▶ INFORMATION SHOWN
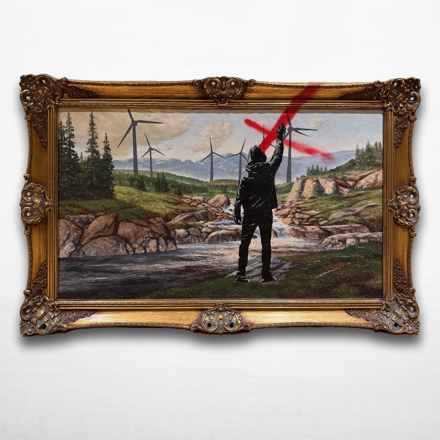 En mann med sprayboks markerer et stort kryss over vindmøller som skjærer gjennom et ellers urørt norsk landskap. Med klassisk oljemaleri som bakteppe invaderer TYV det uberørte maleriet. Om det føles ubehagelig, tenk på hva vi gjør ute i naturen. Vi subsidierer raseringen av vår egen natur under dekke av å være grønne – mens de eneste som gagnes er utenlandske milliardærer.
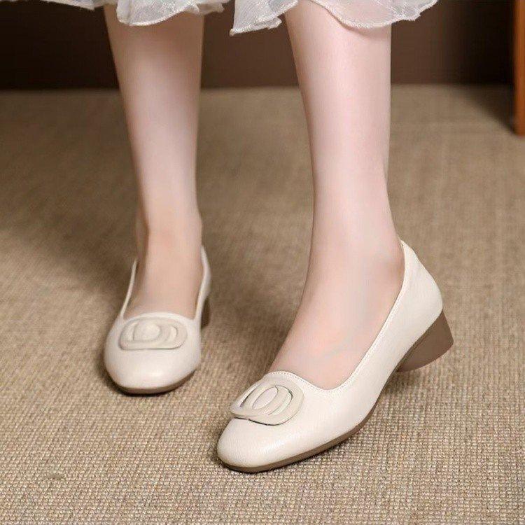 Women's shoes popular soft leather square head single shoes 2025 autumn new shallow mouth versatile mother high heels soft sole leather shoes women
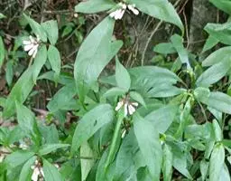 药材性状:本品全体长10cm~20cm,少有长30cm者。茎圆柱形,基部节上具少数须根,幼枝具棱,红色。叶对生,红色或淡红紫色,多皱缩,展开后呈狭卵形、卵形或长椭圆状卵形,长2.5cm~8cm,宽1.5cm~3.2cm,具长1cm~3cm的纤细叶柄。聚伞花序顶生,总梗长2cm~5cm,二歧分枝,分枝短;花冠筒状漏斗形,5裂。蒴果扁倒三角形,状似菱角,红紫色。气无,味淡。以枝条粗壮、叶多、色淡红紫色者为佳。

▶ EXERCISE
Starting with the line that holds "Women's shoes popular", reproduce exactly each line up to and including the last line of the material above, and drop the pictures.

▶ TASK ANSWER
 Women's shoes popular soft leather square head single shoes 2025 autumn new shallow mouth versatile mother high heels soft sole leather shoes women
 药材性状:本品全体长10cm~20cm,少有长30cm者。茎圆柱形,基部节上具少数须根,幼枝具棱,红色。叶对生,红色或淡红紫色,多皱缩,展开后呈狭卵形、卵形或长椭圆状卵形,长2.5cm~8cm,宽1.5cm~3.2cm,具长1cm~3cm的纤细叶柄。聚伞花序顶生,总梗长2cm~5cm,二歧分枝,分枝短;花冠筒状漏斗形,5裂。蒴果扁倒三角形,状似菱角,红紫色。气无,味淡。以枝条粗壮、叶多、色淡红紫色者为佳。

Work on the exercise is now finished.